While the choice of color palette is largely personal preference, two considerations are worth mentioning. First, although the green-black-red color scheme is extremely common due to its relation to red/green channels in microarray experiments, it cannot be interpreted by the color blind. For this reason, it should be avoided. Second, dark colors can be harder to distinguish from one another compared to light colors, as evidenced by comparing the bluered and greenred color schemes in Figure 5. In order to maximize the ability to distinguish colors in midranges, using a light "mid" color may be preferable.
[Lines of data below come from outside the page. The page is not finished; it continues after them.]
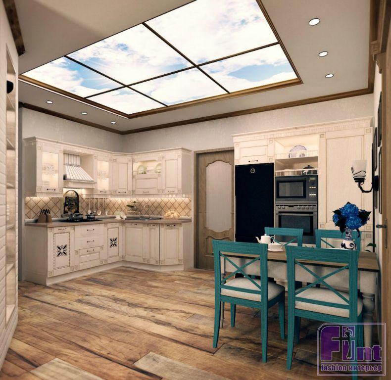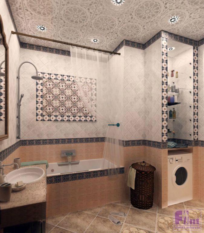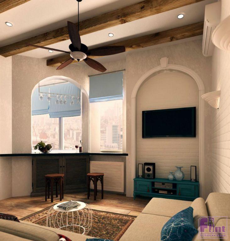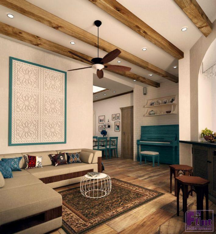 В проекте использовались характерные для средиземноморского стиля элементы декора и цвета: акцентные бирюзовые оттенки, натуральные материалы и мебель, кованые люстры, плетёные корзиночки, керамические тарелки, картины в деревянных рамах с живописными пейзажами. В ванной комнате и коридоре использована керамическая плитка со средиземноморскими мотивами. Заказчики также дополнили интерьер собственными сувенирами, привезенными с лазурного берега, которые органично вписались в тематику пространства.
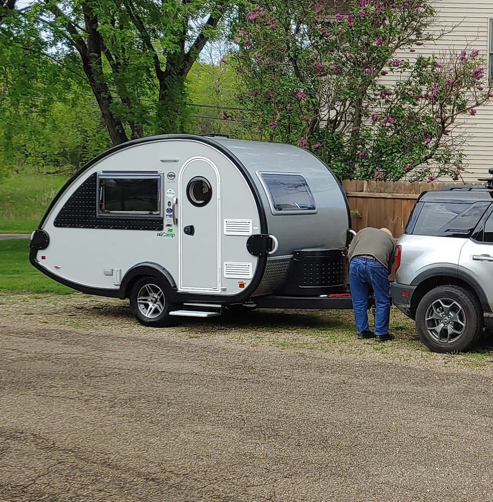 Galley kitchen, full bath, centralized heat and air conditioning, built-in stereo speakers, 23" TV, outdoor shower, setup for solar panel, large double bed, table conversion. Hand crafted cabinets. Brake system, 2,125 lb. chassis, 365 lb. cargo capacity, 175 lb. hitch weight, 15 ft. exterior length, 6 ft. exterior width. 8-gal freshwater tank. Gross weight 3000 libs. Barely used, like new, stored indoors. Comes with attachable tent and window awnings.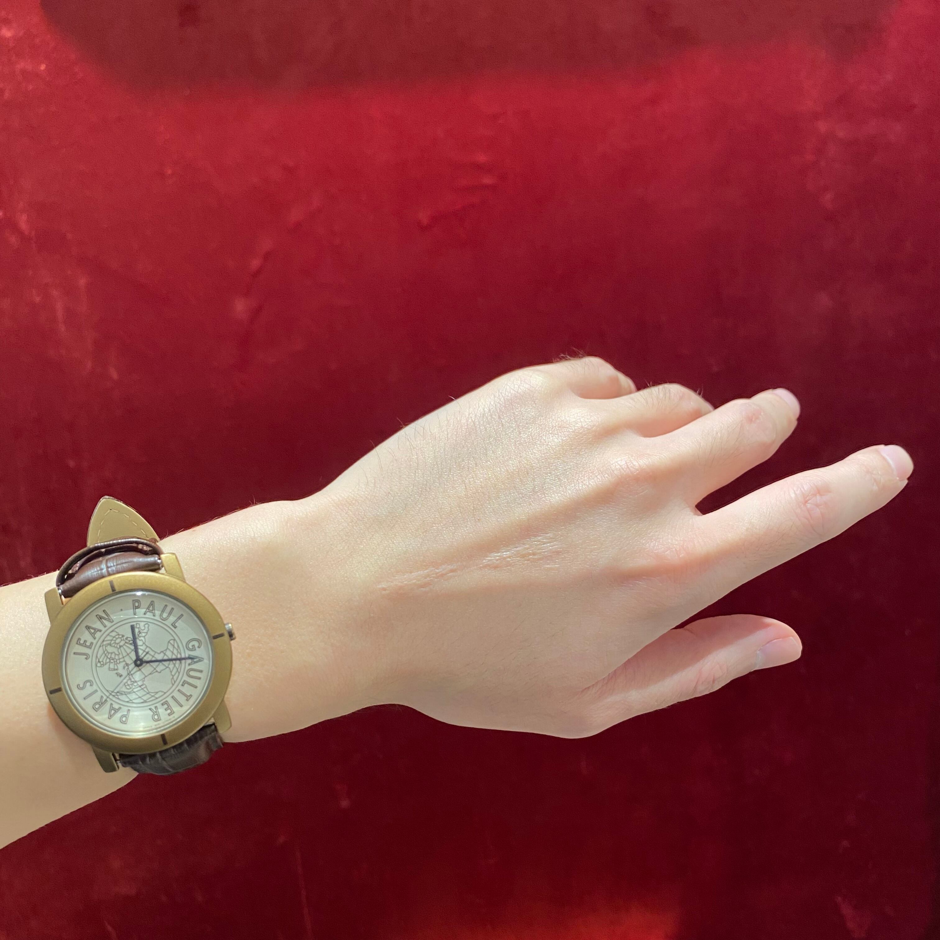 マットな質感のゴールドーフェイスにゴルチエらしいフェイスに地球が描かれた目を惹かれる時計をご紹介します。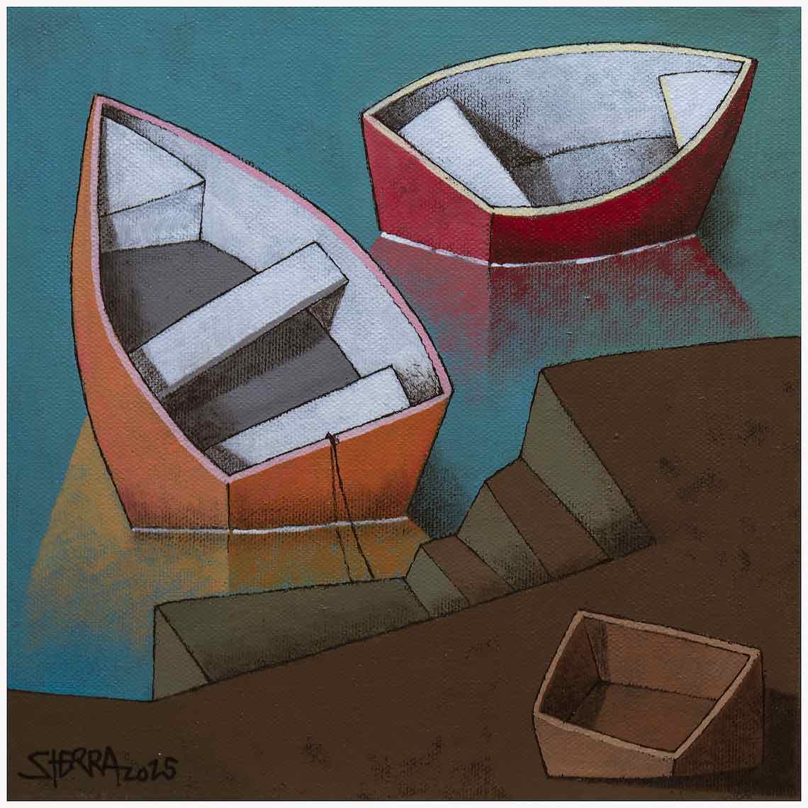 “Barcas del puerto de Corme” recoge, como en casi todas las exposiciones de Sierra, “una mirada ligada a lo cercano, a lo que tienes al lado, un homenaje a las cosas cotidianas, a las tareas sencillas de la existencia, a los objetos que te rodean”, reitera.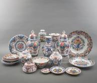 Negen polychroom gedecoreerde aardewerk schotels en borden, twee bedekte kastvazen, schenkkan, paar gemberpotten, bonbonnière, theebus, en twee kommen, alle met bloemdecor, uitvoering Koninklijke Tichelaar, Makkum, kastvaas 31,5 × Ø 16 cm -opbrengst ten bate van het Rijksmuseum Amsterdam-
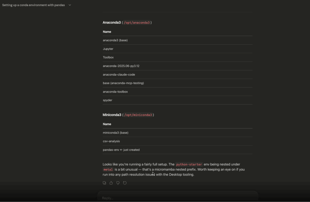 This ships alongside conda-meta-mcp, built by Daniel Bast and Jannis Leidel from the conda open source community. Where Anaconda MCP covers your local environment, conda-meta-mcp covers the broader ecosystem: authoritative, real-time package metadata across conda-forge and other channels. This is the first chapter of Anaconda’s broader MCP story, with more to come later this year.
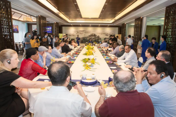 7月16日至31日,福建将迎来第44届世界遗产大会。大会前(7月13日),驻华使节代表团在世界遗产大会的福建行首日,到访我会副会长单位厦门华祥苑儒士馆,感受非物质文化遗产乌龙茶制作技艺带来的独特魅力与文化传承并体验“大国盛世茶叙”。这也是华祥苑厦门儒士馆继2017年金砖厦门会晤之后,再一次见证和助力盛世茶叙。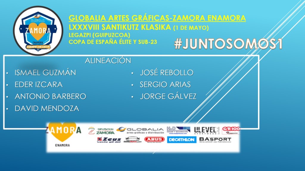 Dureza y mucha exigencia la que le espera este domingo a los siete elegidos para defender los colores del Globalia Artes Gráficas-Zamora Enamora en la Santikutz Klasika de Legazpi, que será la última cita en tierras vascas de esta Copa de España élite y sub-23. Los pupilos de Iván Rodríguez buscarán ser protagonistas por tercera vez seguida en la competición nacional tras los soberbios papeles realizados en el Memorial Valenciaga de Eibar y en el Memorial Ángel Lozano de Valladolid.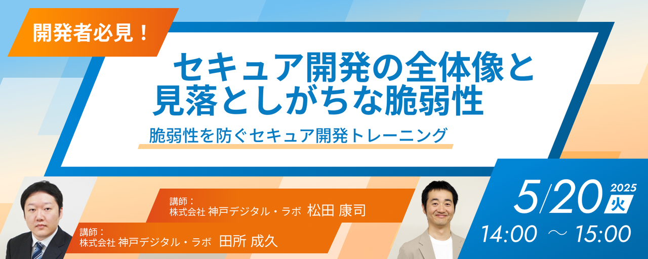 # セキュア開発の全体像と見落としがちな脆弱性 ~開発者必見!セキュア開発トレーニング~(5/20) ## セミナー概要 ソフトウェア開発において「脆弱性診断」は必須のプロセスです。しかし、リリース前の診断で検知された脆弱性の修正に、多大なコストとスケジュールが必要になることは少なくありません。また、診断を実施しても、ログの出力や検知の仕組み、ユーザーごとの権限など、診断では見つけられない脆弱性は開発者の経験と知識に委ねられることになります。 神戸デジタル・ラボでは、そのようなリスク、コスト、スケジュール遅延を低減するため、開発の初期段階からセキュリティに考慮する、「セキュア開発」...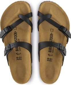 The Mayari from BIRKENSTOCK – an elegantly comfortable sandal with adjustable, crisscrossing straps that form a single loop around the toe. Classic support and adjustability, designed beautifully. Shown in Birko-Flor®.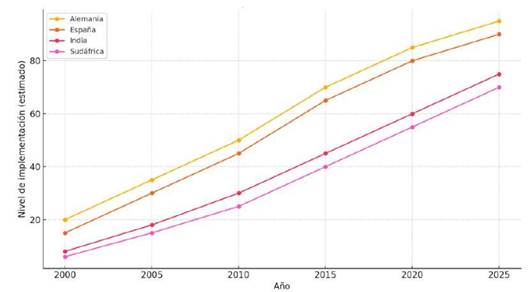 La figura 4 presenta una estimación comparativa de la evolución en la implementación de políticas de sostenibilidad urbana y gobernanza local entre los años 2000 y 2025 en seis países que destacan por sus avances: Alemania, España, Brasil, India y Sudáfrica. Estos países han demostrado un crecimiento sostenido en el diseño e implementación de estrategias orientadas a la sostenibilidad, integrando aspectos sociales, económicos y ambientales. Alemania ha liderado con iniciativas como las zonas verdes urbanas y eficiencia energética; España ha promovido la Agenda Urbana Española con impacto en ciudades como Barcelona; Brasil ha desarrollado modelos sostenibles desde Curitiba; India ha desplegado la iniciativa 'Smart Cities Mission'; y Sudáfrica ha enfocado sus políticas en la inclusión y resiliencia urbana. Esta evolución refleja un compromiso creciente con el desarrollo sostenible, apoyado por la colaboración internacional y la consolidación de marcos normativos y estratégicos de largo plazo.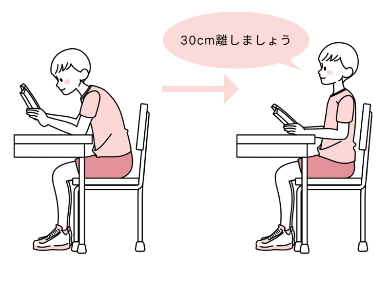読書や勉強、ゲームなどの近業作業を行う際は、目と対象物の距離を30cm以上離し、30分に1回は遠くを見るようにして、連続して長時間続けないようにしましょう。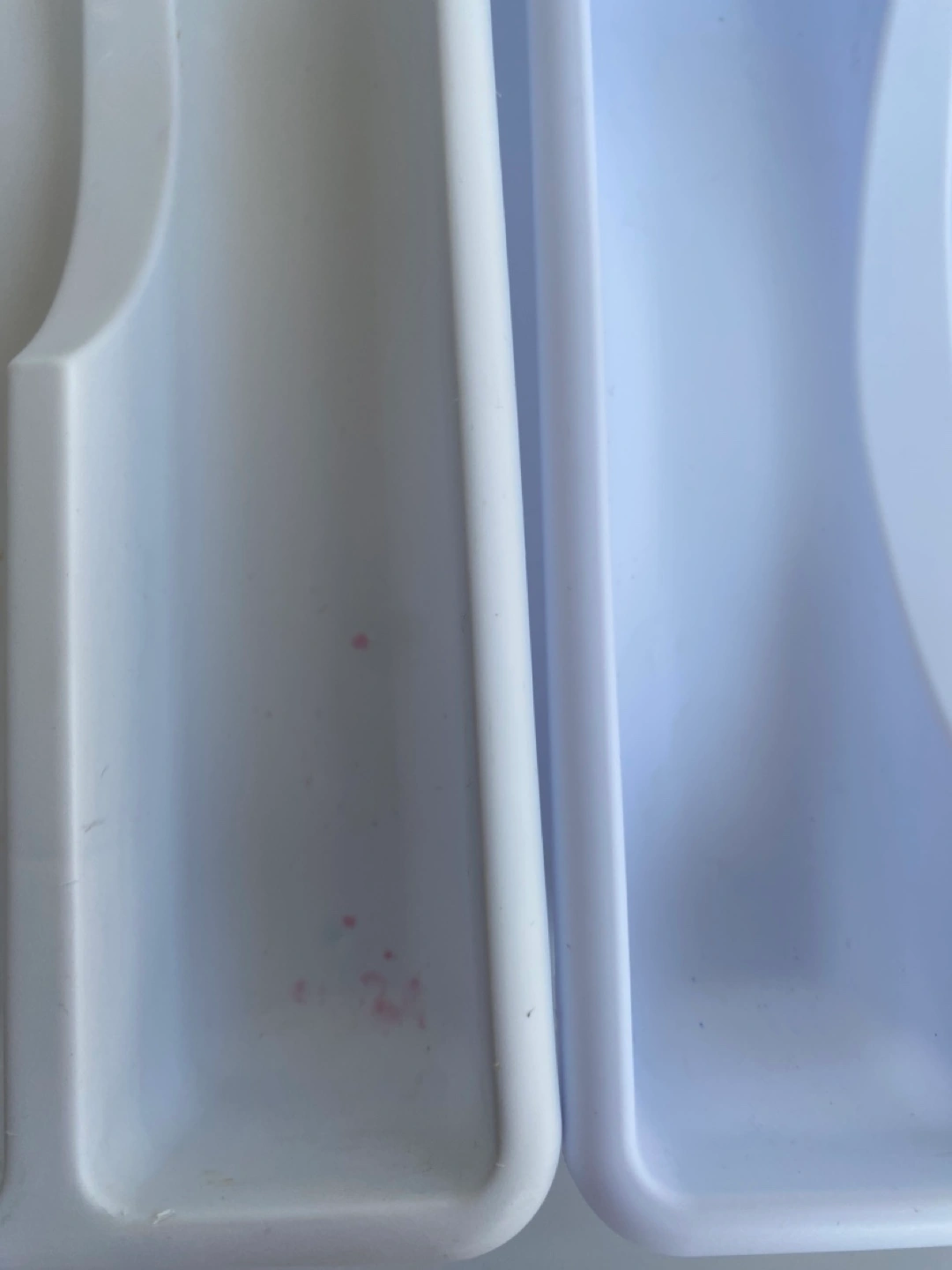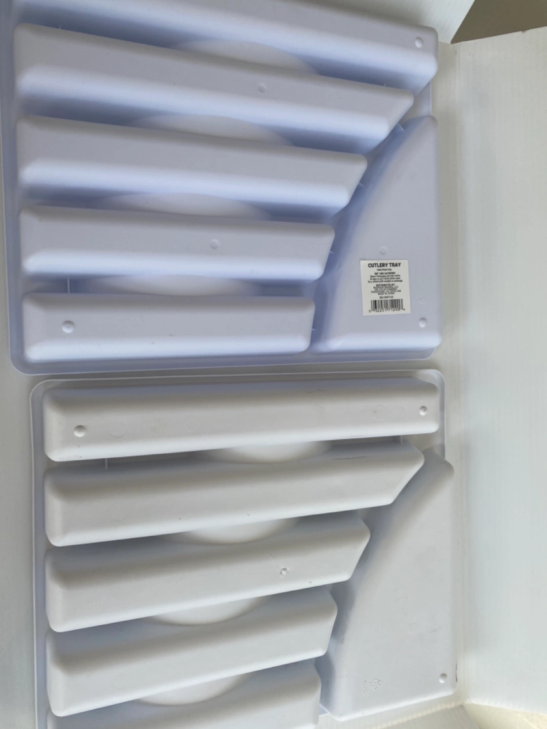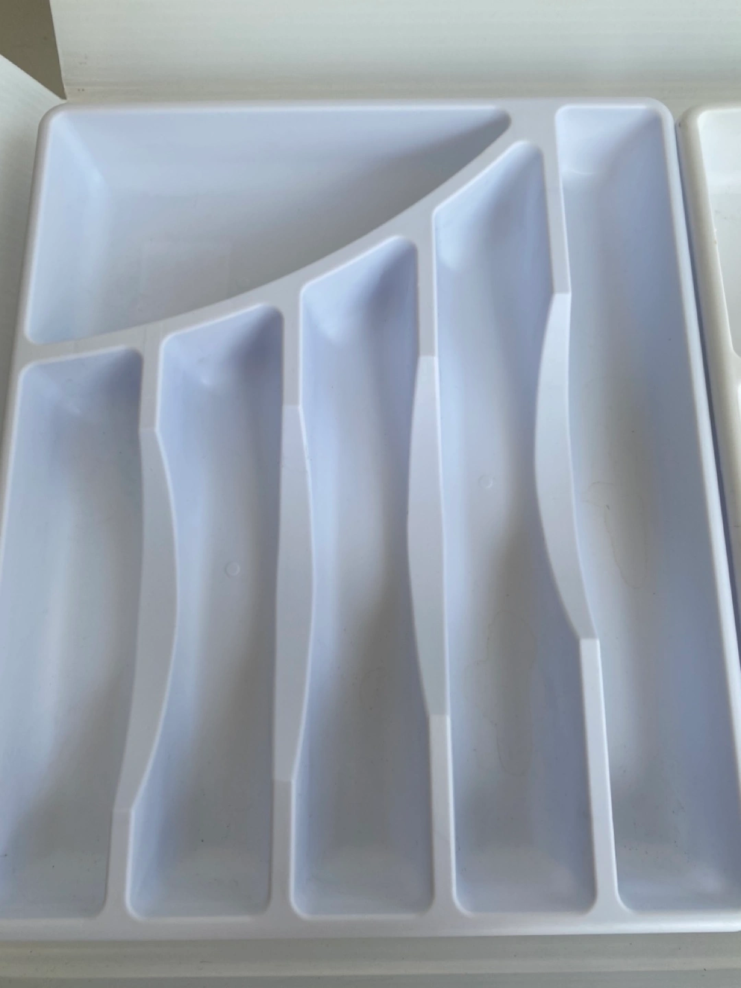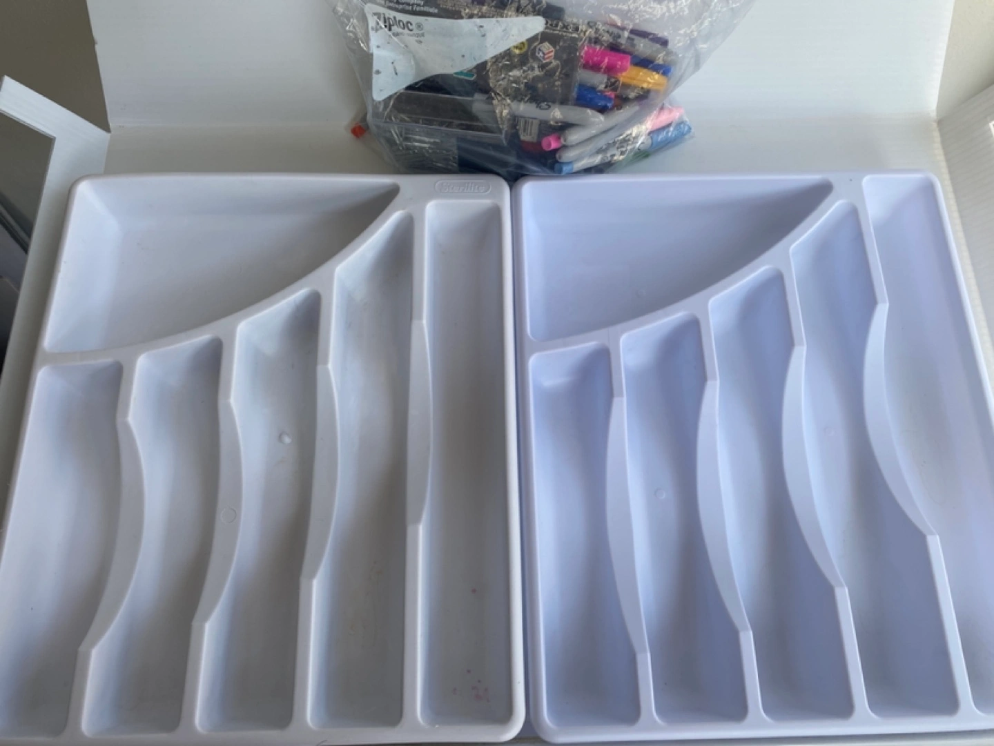 2 used cutlery trays. One is a Sterilite and one from Family Dollar. Dimensions are 14in x 11⅞in x 1⅞in. These were used for art supplies, they are too big for our kitchen drawers. Please look at pictures closely to see ink stains.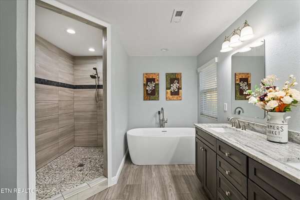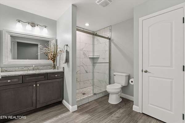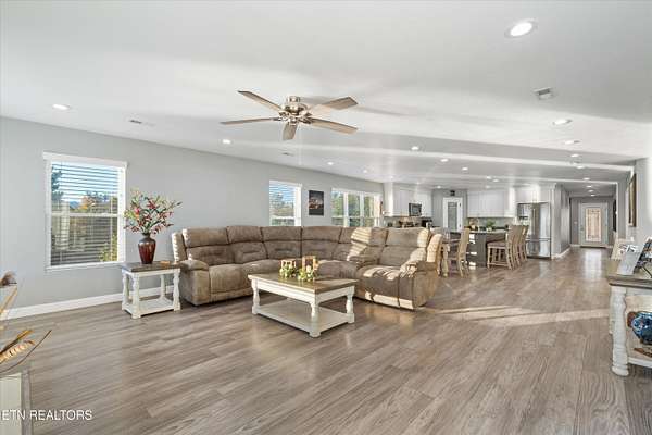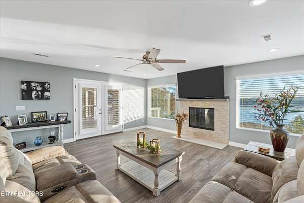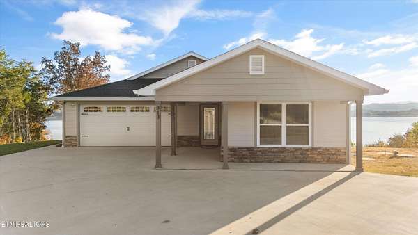 Looking for the ultimate lake life setup? This practically brand-new home on Lake Douglas checks every box and then some! Step inside to discover all main-level living with an open floor plan designed for easy entertaining and relaxing lake days. The kitchen features gorgeous leathered granite countertops, a walk-in pantry, and plenty of space for gathering around the island with friends. Lake views from every room of the house! The spacious primary suite feels like a retreat, complete with a massive tile walk-in shower and a soaking tub that's just begging for bubble baths after a day on the water. In the finished walk-out basement which is accessible from exterior only, you'll find a bright, high-ceilinged basement with its own living area perfect for guests, in-laws, or even a second living quarters. This is an additional 1,200 finished square feet that is not included in the 2,160 square feet of main-level living space. Outside, you'll love the Hardie board siding, the community dock and boat ramp, and the fact that this lot is TVA dockable a rare find! You can even drive down to the water's edge on the property, which makes it ideal for watching fireworks or sunset picnics by the shore. And the extras? A top-of-the-line swim spa that's negotiable (you'll fall in love with it), and if you're ready for the full lake life package, the boat is for sale too! With low HOA fees, friendly neighbors, and year-round water (that just shrinks a little in winter), this is the kind of place that makes every weekend feel like a getaway.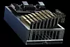 In this case, it is a PCI-Express 6.0 x16 link that is hooking an Aries retimer to a Blackwell GPU to extend the range of the PCI-Express link. The Scorpio P-Series switch in the box links to an Intel Xeon 5.0 processor and an Nvidia ConnectX-7 network interface stepping down to PCI-Express 5.0. A Micron Technology flash drive uses a single x1 lane running at PCI-Express 6.0 speed for storage. The Scorpio switch has 64 lanes of PCI-Express 6.0 signaling, and this setup uses 49 of those lanes, 32 of them running at the PCI-Express 5.0 half speed.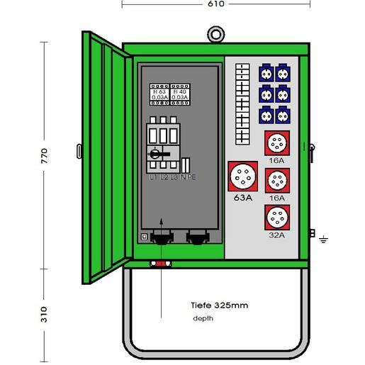 1 Anschluss als Sicherungslasttrennschalter Gr. NH00 1 FI-Schutzschalter RCD 4-polig, 63 A, I N = 0,03 A, Typ B, allstromseensitiv 1 CEKON Steckdose 5-pol. 63 A, direkt ab FI-Schutzschalter 1 CEKON Steckdose 5-pol. 32 A über LS 32 A, 3-pol. C - Kennl. 2 CEKON Steckdosen 5-pol. 16 A über LS 16 A, 3-pol. C - Kennl. 1 FI-Schutzschalter RCD 4-polig, 40 A, I N = 0,03 A, Typ A 6 Schutzkontakt-Steckdosen 16 A über LS 16 A, 1-pol. C Kennl. Anschlusswert: 44 kVA; 230/400V, 50Hz; Schutzart: offen/geschlossen IP 21/44; Gewicht ca. 48 kg, Gehäuse V 0 mit beigepacktem Untergestell, UV 1; mit montiertem Sicherungszubehör. Installationshinweis: Nicht steckerfertige, elektrische Geräte oder Bauteile, müssen von einer qualifizierten Elektrofachkraft installiert werden. Bitte beachten Sie auch die Gebrauchsanweisung. Weitere Informationen erhalten hier § 13 NAV. EAN: 4018325678084 |

The gplots package also contains pre-defined palettes particularly common in high throughput biological experiments including redgreen, greenred bluered, and redblue. This author prefers the bluered scheme, where low values are blue, middle values are white, and high values are red. This palette will be utilized throughout the remainder of this tutorial.

## Extras

Although the basic components discussed above are shared by all heat map functions, the implementation of other features varies significantly. While it is beyond the scope of this tutorial to provide an in-depth review of all the features of all the functions, three features in particular require mentioning.

### Color key

A color key is used to show the map between the data range (after scaling) and the colors. For any matrix, this can be useful in demonstrating which color(s) represent smaller values and which represent larger values. It becomes far more important when the data values have an explicit meaning. For example, a correlation matrix may contain values in the range of -1 and 1. When all the correlations contained in the matrix are greater than 0, using a blue-white-red color scheme without careful consideration of the breaks could produce a misleading visualization. By including a color key, such a mistake can be caught and corrected.

The functions heatmap_2, and heatmap.2 will produce legends as part of the heat map graphics. Color keys can be created manually for functions which will not create them or in cases where a non-standard key may be desired, as shown in Figure 4.

### Group labels

Group labels provide the final piece of information for a heat map. They allow us to incorporate known group memberships (e.g. the disease group or gender for a sample, the protein membership of a peptide, or the annotation of a protein) into the heat map picture. This information can be used to determine (1) whether groups of samples or features with the same group membership tend to cluster together and (2) if subgroups of samples or features with the same group membership have a distinct profile.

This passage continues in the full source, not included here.